Population (1.1.2014)
- • Total: 15,758
- • Density: 5,800/km^{2} (15,000/sq mi)
- • Major region: 52,267
- • Major region density: 1,480/km^{2} (3,820/sq mi)
- Time zone: GMT +2
- Postal Code(s): 01600, 01601
- Website: www.vantaa.fi/frontpage/

= Myyrmäki =

Myyrmäki (/fi/; Myrbacka; ) is a district and major region of the municipality of Vantaa, Finland. The district has an area of 2.7 km2 and a population of about 17,000, making it the most populous district in Vantaa. It is home to Myyrmanni, a large shopping complex.

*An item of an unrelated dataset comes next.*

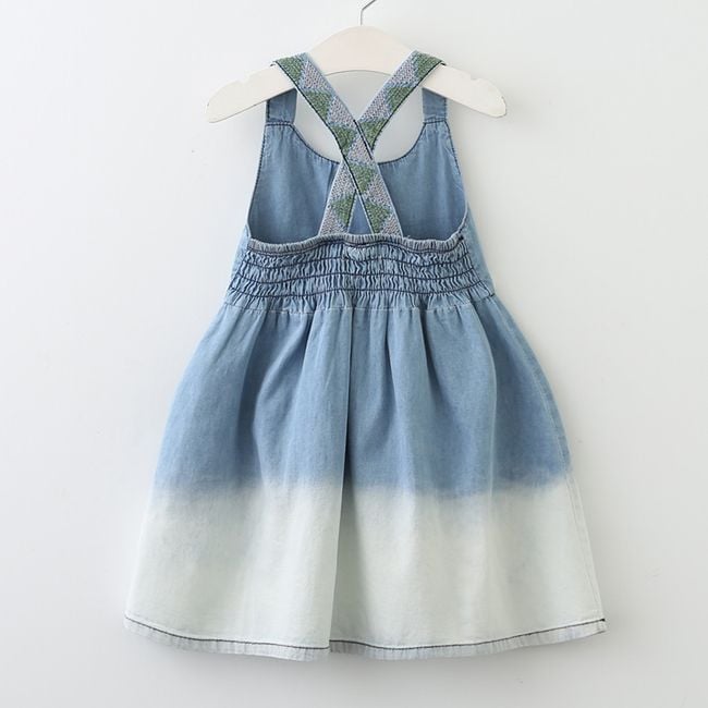 Kinderjeanskleid im Sommerdesign. In der Größentabelle sind die Maße des Produkts angegeben, nicht die des Körpers.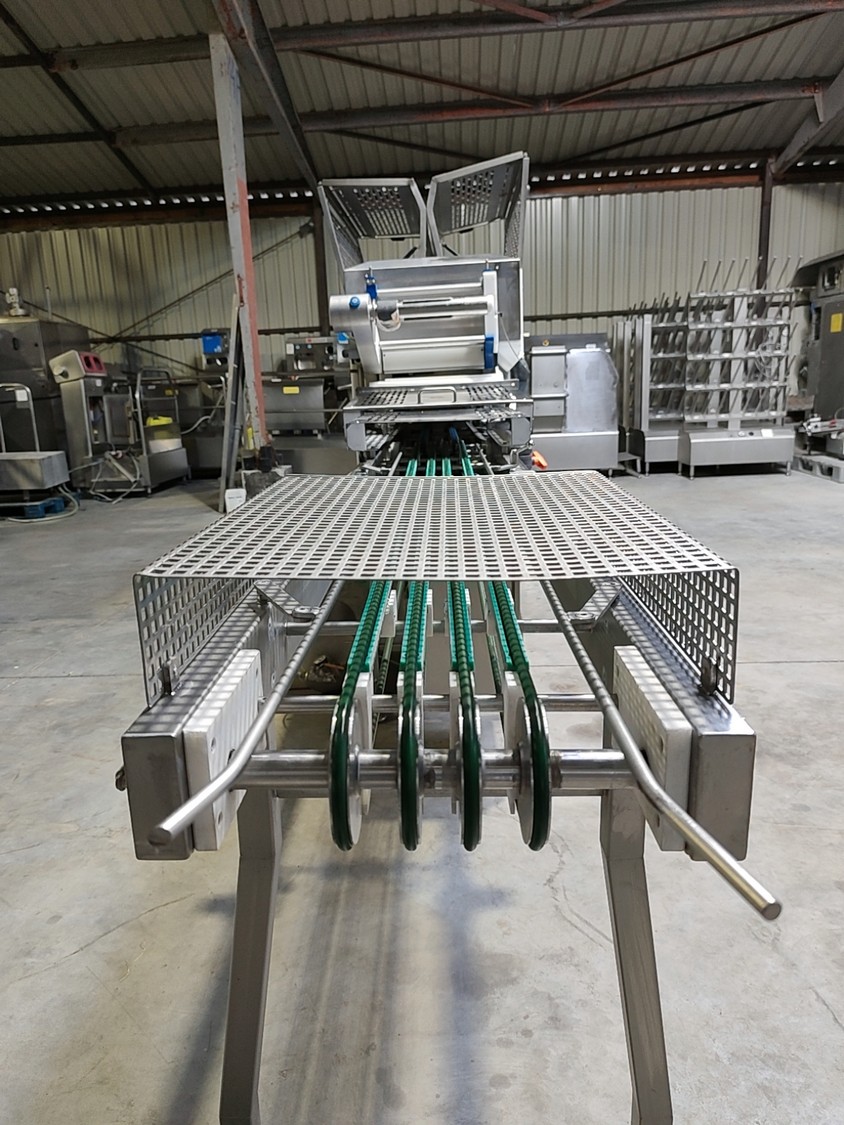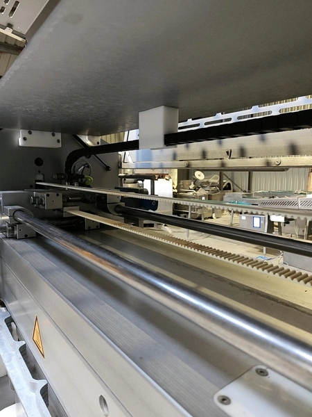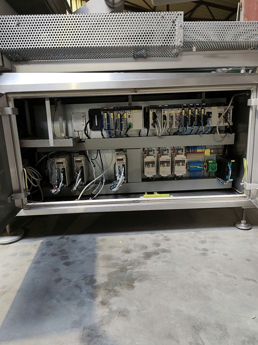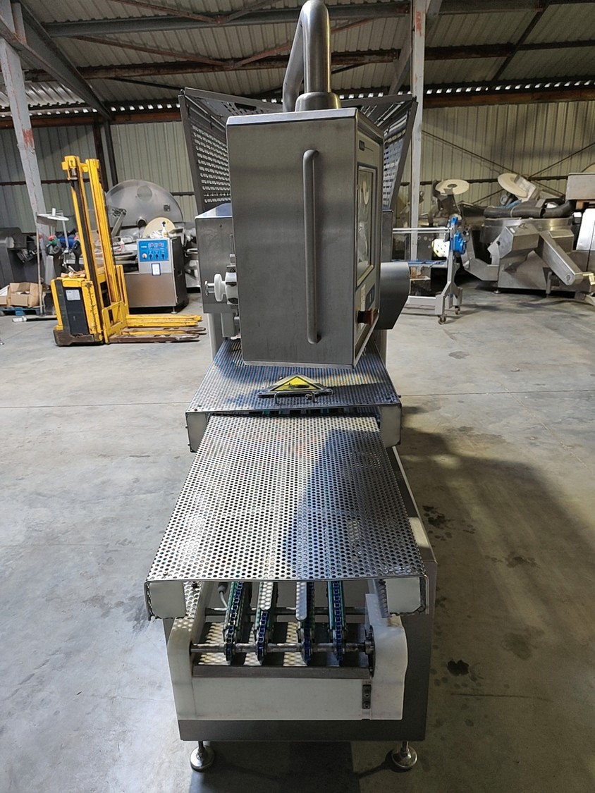 Sealpac traysealer, model: 800+, serial number: TVG 01 1124 01, year of construction: 2004, 400 / 230 V, 3 Ph, 50 Hz, 10 kW, weight: 2000 kg, dye dimensions: (6x) 170 mm x 130 mm, total dimensions: 6600 mm x 900 mm x 2200 mm. Including trolley for dyes, dimensions 1600 mm x 1000 mm x 1400 mm.

The Myyrmäki major region consists of 11 districts with a total population of 52,267 (as of 1.1.2014), making it the most populous major region in Vantaa. The safety situation in Myyrmäki has deteriorated over the years and it is currently classified as the most dangerous district of Vantaa.

The area is served by the Myyrmäki and Louhela stations on the I and P lines of the Helsinki commuter rail network. Just to the south-east is Malminkartanonhuippu, an artificial hill which is the highest point in Helsinki.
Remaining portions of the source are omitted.